Esistono screening neonatali salvavita, esami con ausili all’avanguardia e test genomici, ma non sono per tutti

Con l’adroterapia si possono curare alcuni tipi di tumore non operabili o resistenti alla radioterapia tradizionale; l’enteroscopia con microcamera ingeribile (o con videocapsula) può indagare eventuali patologie del tratto gastrointestinale senza introdurre endoscopi; la tomografia ottica computerizzata (Oct) individua e monitora gravi malattie quali maculopatia, glaucoma, retinopatia. Sono alcuni dei tanti esempi di innovazione tecnologia in campo medico di cui però il Servizio sanitario ancora non li rende accessibili a tutti. Una questione economica, certo, ma anche di procedure che non vengono completate ed eseguite.

Le cause

Il motivo? Si attende ancora la pubblicazione del Decreto interministeriale dove si definiscono le tariffe aggiornate dell’assistenza specialistica ambulatoriale e protesica (per i dispositivi su misura) da rimborsare ai fornitori. Il Decreto doveva essere emanato entro febbraio 2018 così da introdurre strumenti innovativi per curare molte malattie. Tra queste patologie rare e croniche riconosciute nel 2017. I pazienti, però, non possono accedere a queste possibilità diagnostiche. Qualche esempio? Le prestazioni ambulatoriali di procreazione medicalmente assistita (Pma) per le coppie che non possono avere figli; ausili e dispositivi all’avanguardia quali apparecchi acustici digitali, protesi di ultima generazione, carrozzine basculanti. Si tratta di alcune delle prestazioni innovative inserite nei Livelli essenziali di assistenza (Lea) nel 2017, quindi a carico del Servizio sanitario nazionale: di fatto, però, non sono disponibili per tutti gli assistiti.

La beffa

Nel frattempo, secondo le norme transitorie, continuano a essere forniti servizi, prestazioni e ausili compresi nei precedenti Lea del 2001, fermi al 1996 per la specialistica e al 1999 per la protesica. Attenzione, però: vengono fatte salve le prerogative delle Regioni. Cosa significa?

Le Regioni coi conti in ordine possono impiegare risorse proprie per garantire le nuove prestazioni agli assistiti in modalità“extra-Lea”. Non possono, invece farlo le Regioni incluse in piano di rientro e, guarda caso, sono quasi tutte riferite al Sud e qualcuna al Centro Italia. Insomma, la Sanità non uguale per tutti.

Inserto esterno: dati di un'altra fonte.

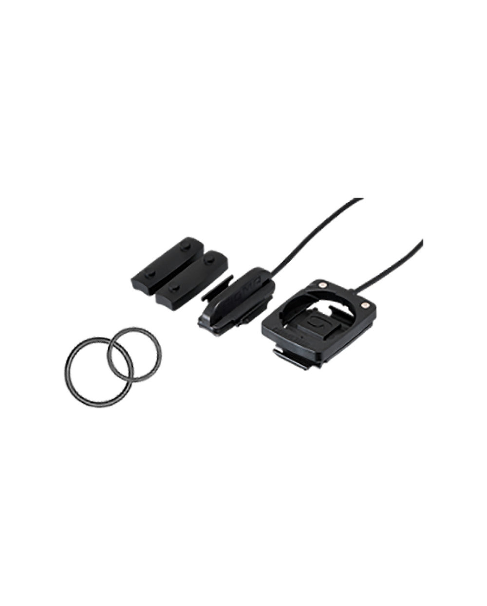 Paketinhalt: Halterung für den Geschwindigkeitsmesser, Kabel für den Geschwindigkeitssensor, Gummibänder zur Befestigung .

Molte nuove prestazioni non sono esigibili su tutto il territorio nazionale non essendo stato approvato il“Decreto tariffe”. E così, ogni Regione ha deciso di erogare ai propri residenti le prestazioni che ritiene prioritarie anche se possono esserci differenze anche tra diverse Asl. In pratica, sono“saltati”i Livelli essenziali di assistenza e molti pazienti sono costretti a spostarsi, a proprie spese, così da potersi curare al meglio.

Servizi negati

Lo screening neonatale esteso offerto gratuitamente a tutti i nuovi nati ai fini della diagnosi precoce di un ampio spettro di malattie congenite (nel rispetto del Dpcm sui Lea del 2017), in alcune Regioni si fa anche per l’Atrofia muscolare spinale (Sma) e altre patologie rare, mentre in altre Regioni, i neonati non hanno lo stesso diritto.
Una donna con tumore al seno in stadio precoce può fare il test genomico senza spese a suo carico in Lombardia o Emilia Romagna, ma in qualche altra Regione non vi può accedere tramite il Servizio sanitario nazionale.

Tutte queste e altre prestazioni (e malattie) risultano in lista di attesa: aspettano, insomma, di essere inserite nei Livelli essenziali di assistenza (Lea) nonostante il via libera da parte della “Commissione nazionale per l’aggiornamento dei Lea.

La Corte dei Conti

Ritardi pure sottolineati dalla Corte dei conti nella Relazione sul rendiconto generale dello Stato 2021 diffuso nel giugno 2022. In questo documento si legge infatti come «l’ostacolo è rappresentato dalla mancata approvazione delle tariffe massime». E quindi, ancora, la mancanza del “Decreto Tariffe”, senza il quale non è possibile nemmeno attuare gli aggiornamenti.